───── Source records

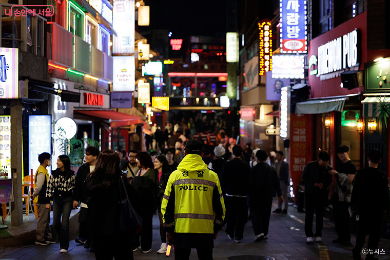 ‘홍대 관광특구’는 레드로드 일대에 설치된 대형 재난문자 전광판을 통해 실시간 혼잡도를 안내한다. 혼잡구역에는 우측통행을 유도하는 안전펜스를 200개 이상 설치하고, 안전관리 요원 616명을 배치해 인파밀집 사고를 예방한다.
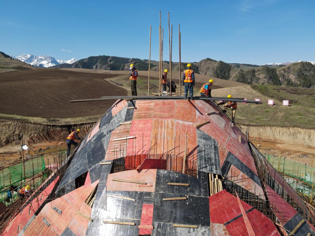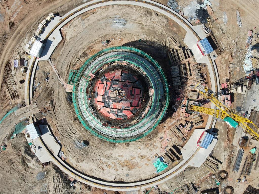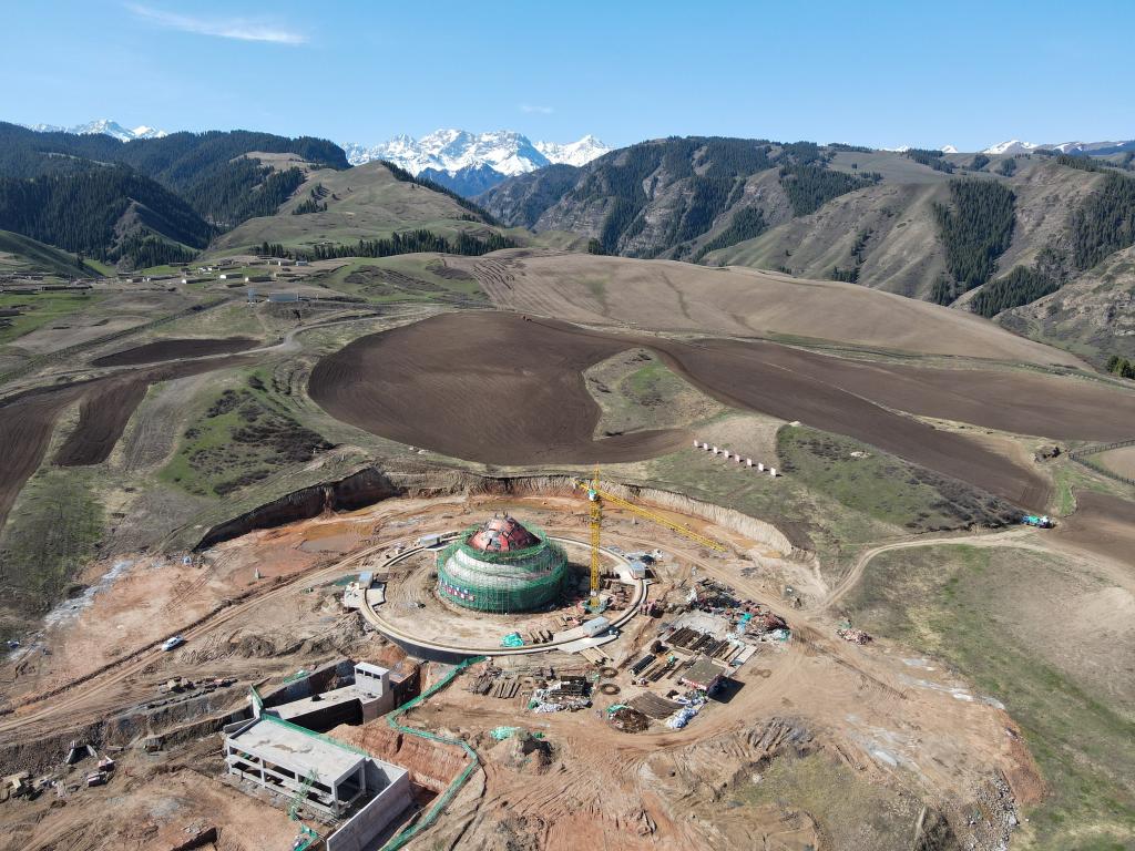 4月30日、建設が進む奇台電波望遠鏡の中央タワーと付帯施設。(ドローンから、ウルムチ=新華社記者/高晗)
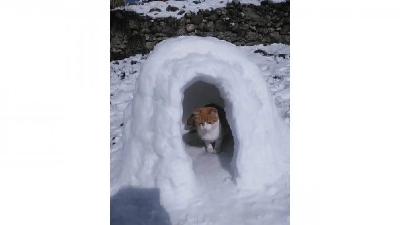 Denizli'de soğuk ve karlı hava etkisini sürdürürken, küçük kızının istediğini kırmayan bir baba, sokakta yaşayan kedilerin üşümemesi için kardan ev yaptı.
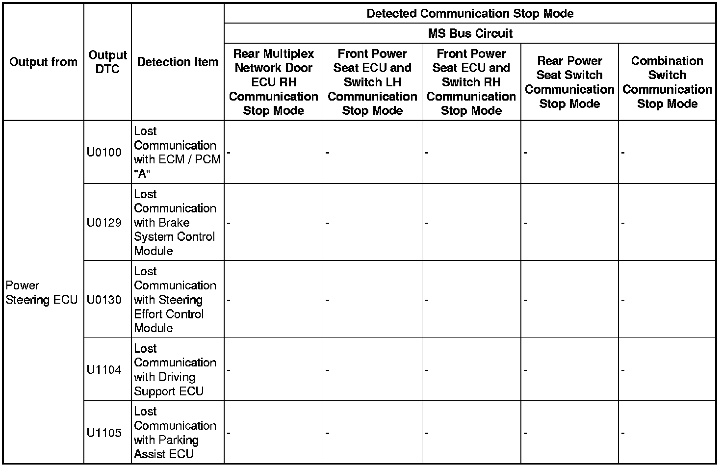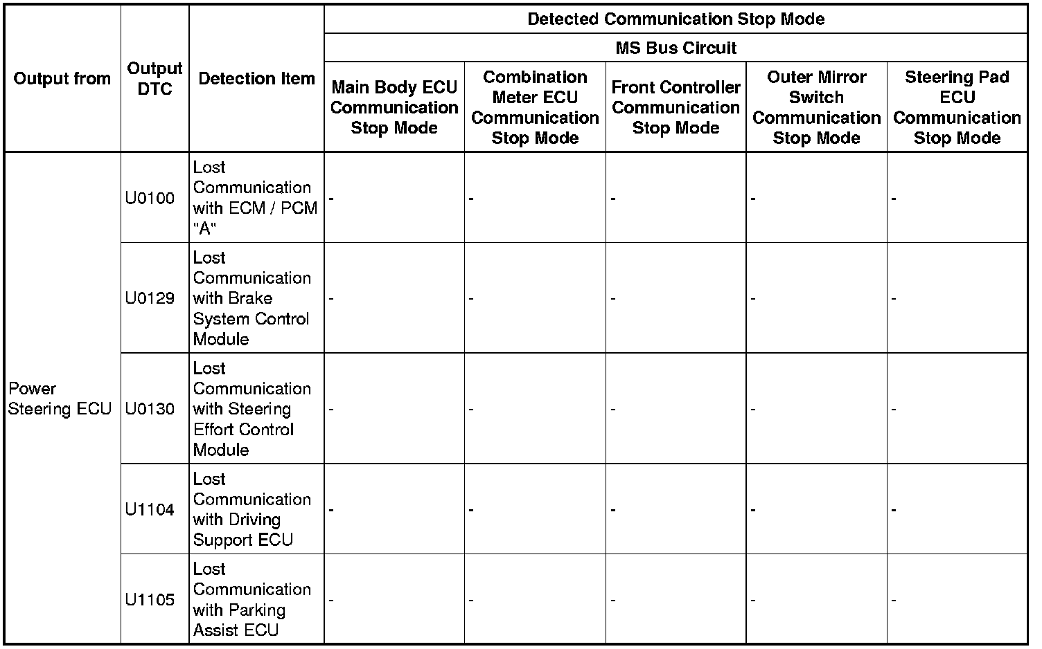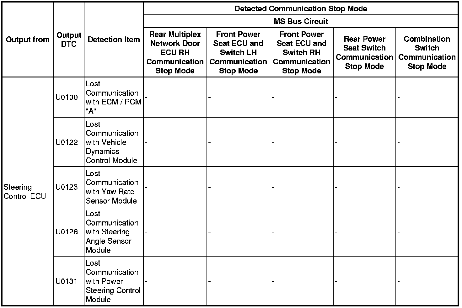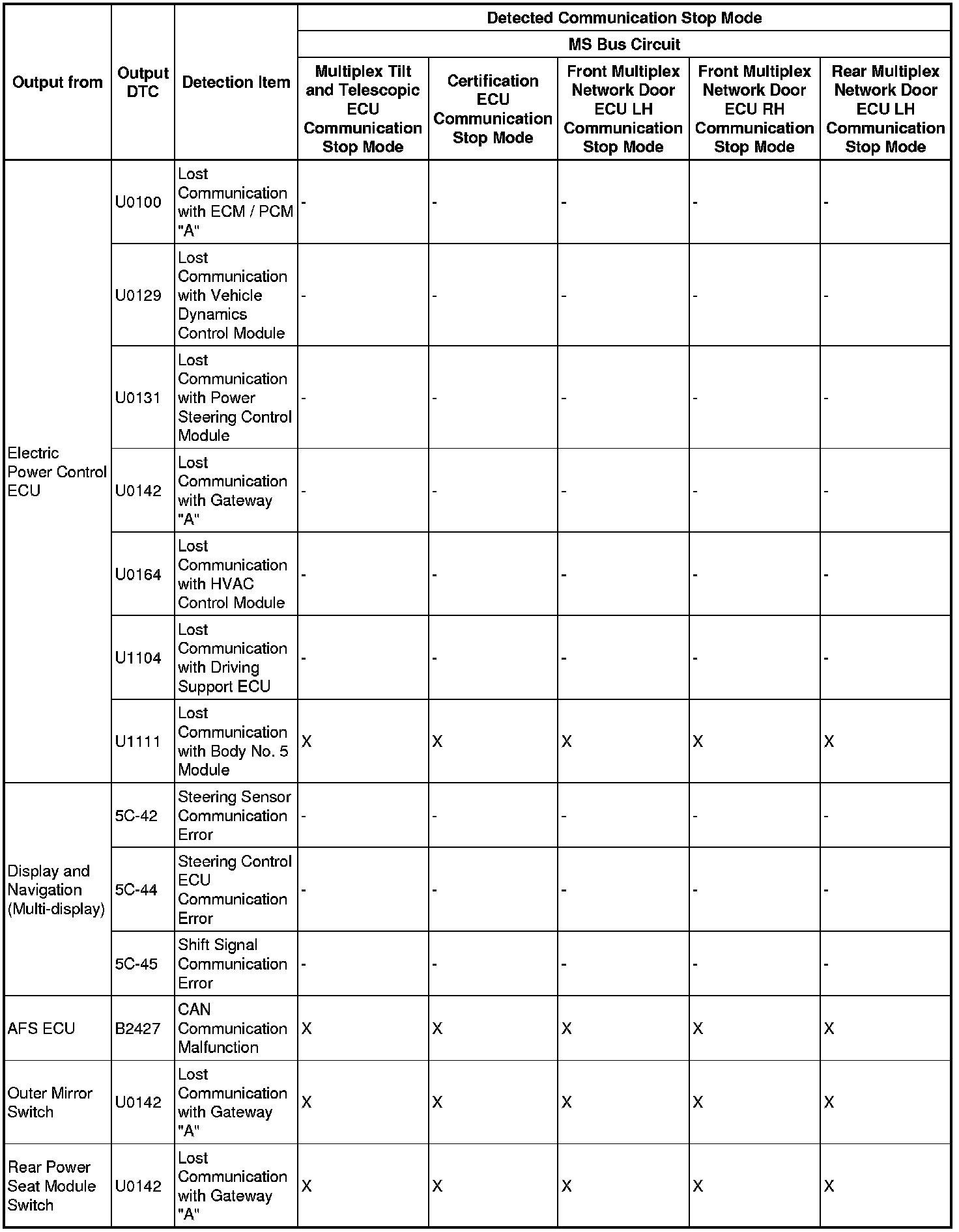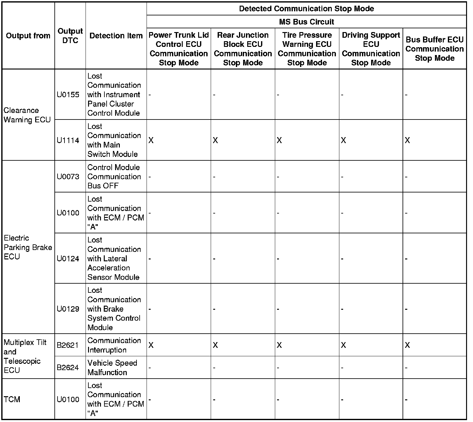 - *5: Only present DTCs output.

──────────
───── Source records

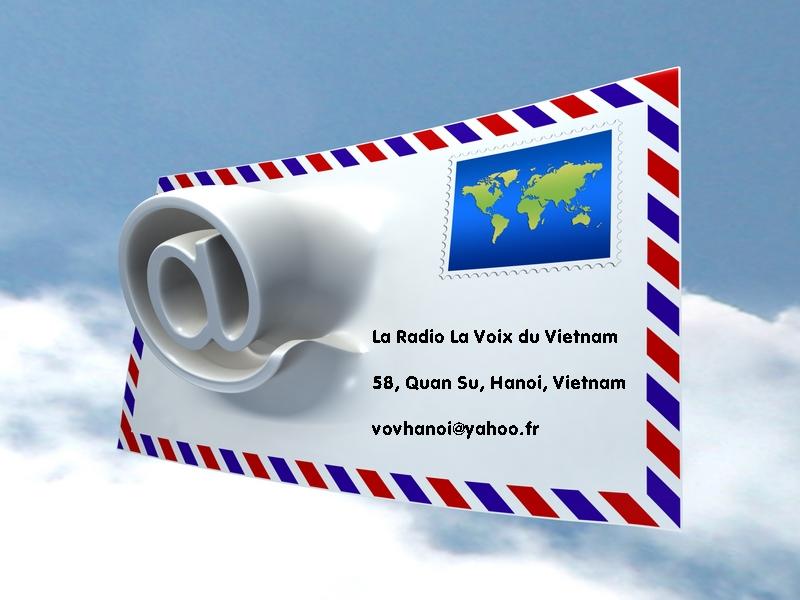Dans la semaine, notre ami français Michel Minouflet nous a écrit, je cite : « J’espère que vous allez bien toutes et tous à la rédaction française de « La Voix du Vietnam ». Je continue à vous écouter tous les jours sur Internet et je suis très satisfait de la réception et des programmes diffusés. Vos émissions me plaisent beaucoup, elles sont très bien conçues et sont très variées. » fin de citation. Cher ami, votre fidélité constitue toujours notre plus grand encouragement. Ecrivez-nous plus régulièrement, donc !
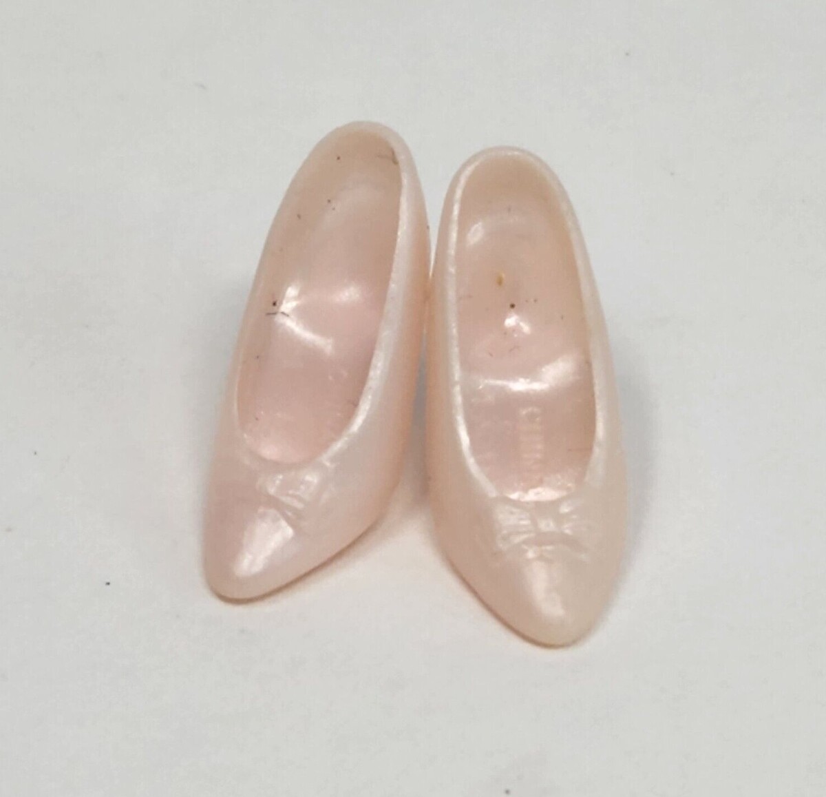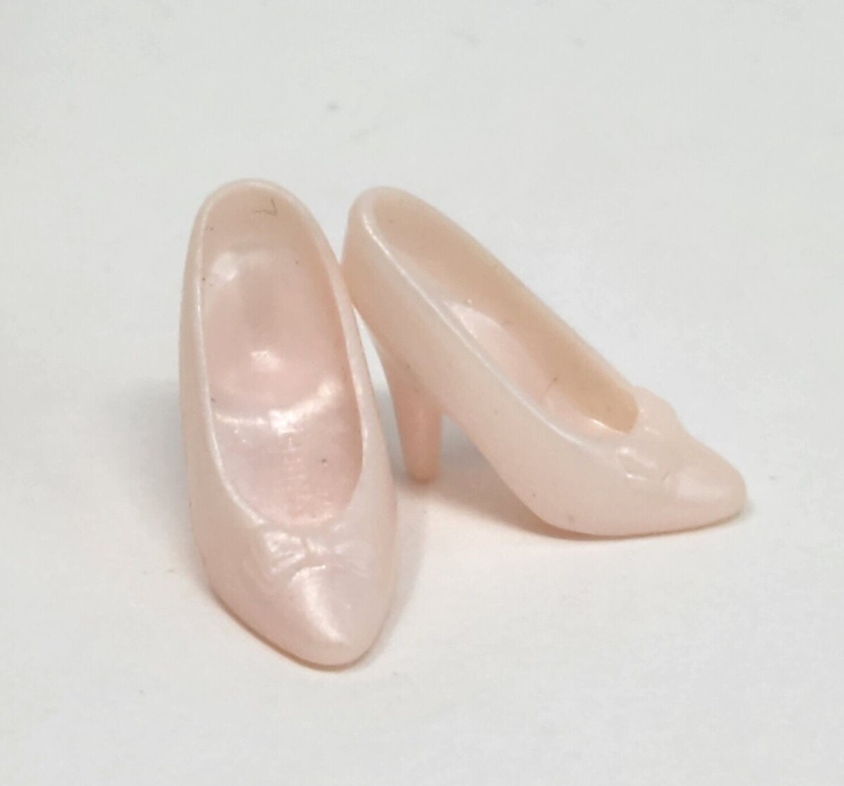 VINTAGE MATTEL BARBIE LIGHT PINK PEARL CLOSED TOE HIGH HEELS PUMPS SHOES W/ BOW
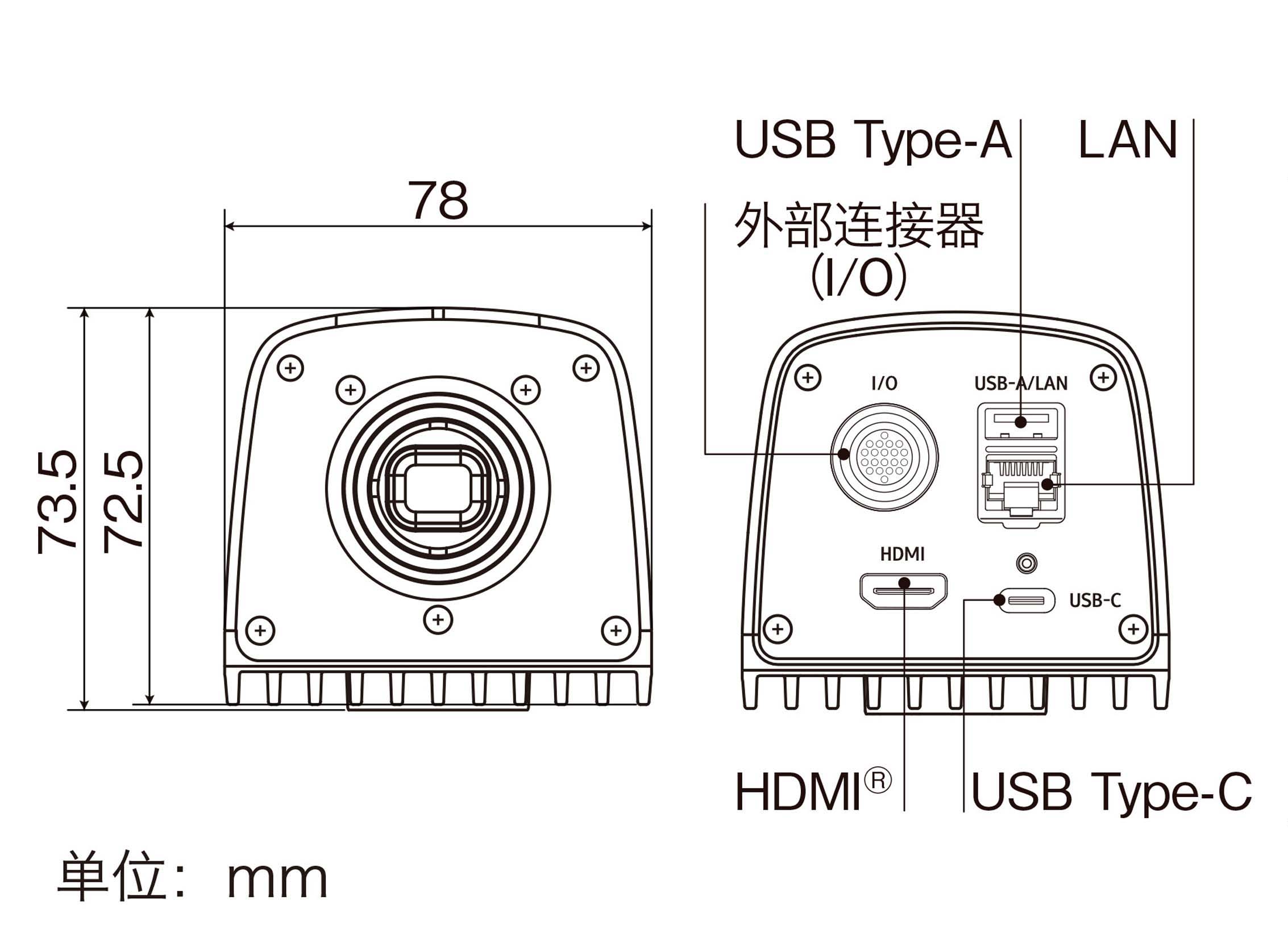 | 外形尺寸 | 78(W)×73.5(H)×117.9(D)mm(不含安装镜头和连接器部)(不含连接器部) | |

──────────
───── Source records

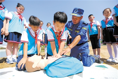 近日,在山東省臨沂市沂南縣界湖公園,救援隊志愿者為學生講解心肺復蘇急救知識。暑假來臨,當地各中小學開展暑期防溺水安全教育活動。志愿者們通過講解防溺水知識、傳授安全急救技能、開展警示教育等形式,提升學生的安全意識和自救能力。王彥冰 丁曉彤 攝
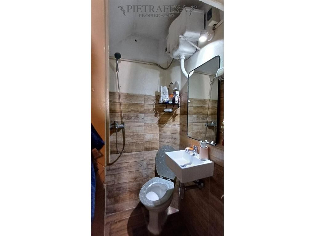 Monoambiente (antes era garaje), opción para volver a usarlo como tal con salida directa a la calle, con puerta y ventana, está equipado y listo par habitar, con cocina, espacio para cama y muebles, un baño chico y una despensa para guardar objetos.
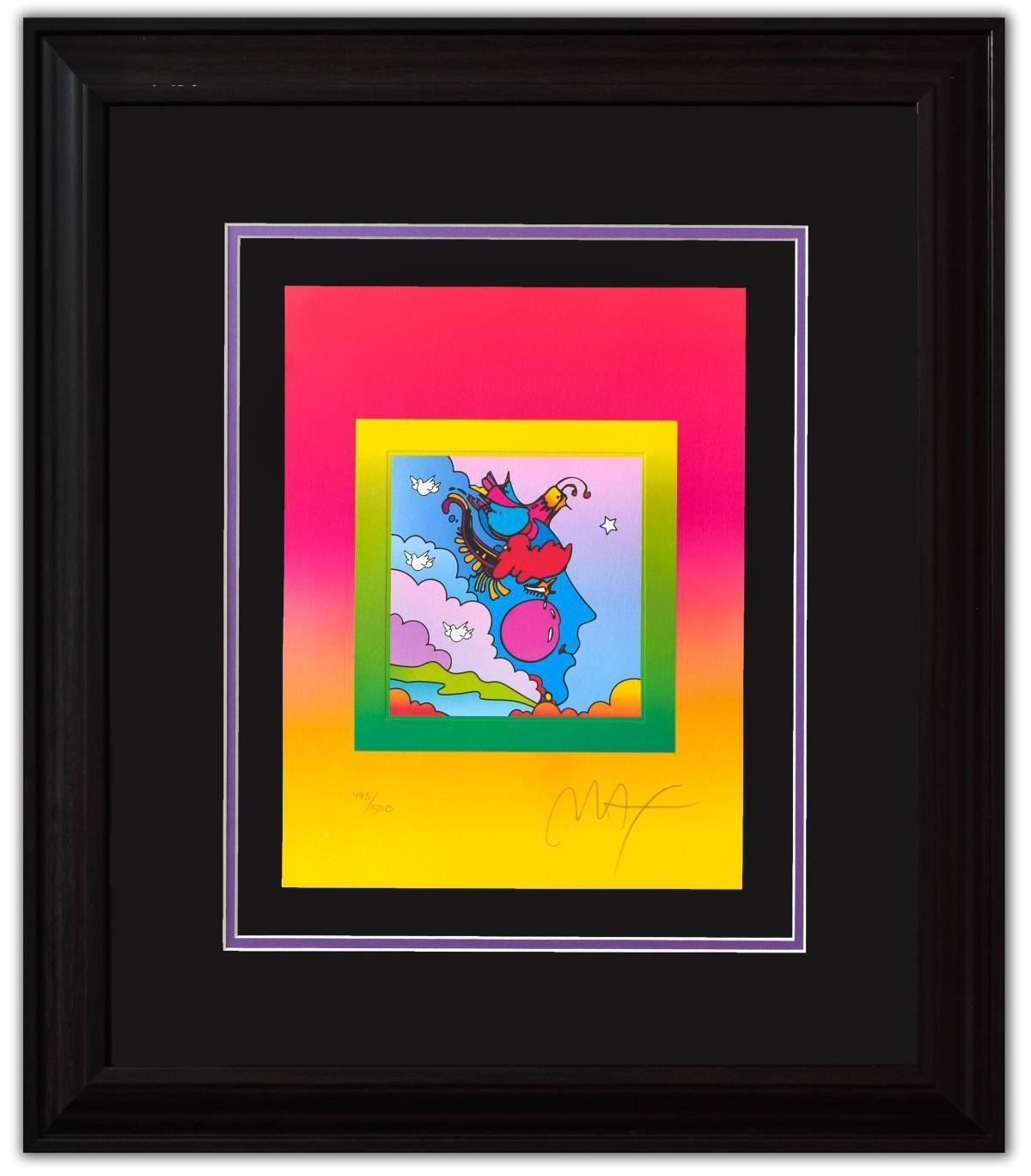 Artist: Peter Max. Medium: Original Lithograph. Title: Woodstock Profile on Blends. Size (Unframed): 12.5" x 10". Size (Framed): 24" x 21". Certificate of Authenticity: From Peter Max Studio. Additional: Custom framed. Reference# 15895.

──────────

- What you are asked to do
Copy word for word the lines of the records above from the one with "인파밀집 사고를 예방한다." up to and including the one with "- *5: Only present DTCs output.". Skip the pictures.

- Task output
 ‘홍대 관광특구’는 레드로드 일대에 설치된 대형 재난문자 전광판을 통해 실시간 혼잡도를 안내한다. 혼잡구역에는 우측통행을 유도하는 안전펜스를 200개 이상 설치하고, 안전관리 요원 616명을 배치해 인파밀집 사고를 예방한다.
 4月30日、建設が進む奇台電波望遠鏡の中央タワーと付帯施設。(ドローンから、ウルムチ=新華社記者/高晗)
 Denizli'de soğuk ve karlı hava etkisini sürdürürken, küçük kızının istediğini kırmayan bir baba, sokakta yaşayan kedilerin üşümemesi için kardan ev yaptı.
 - *5: Only present DTCs output.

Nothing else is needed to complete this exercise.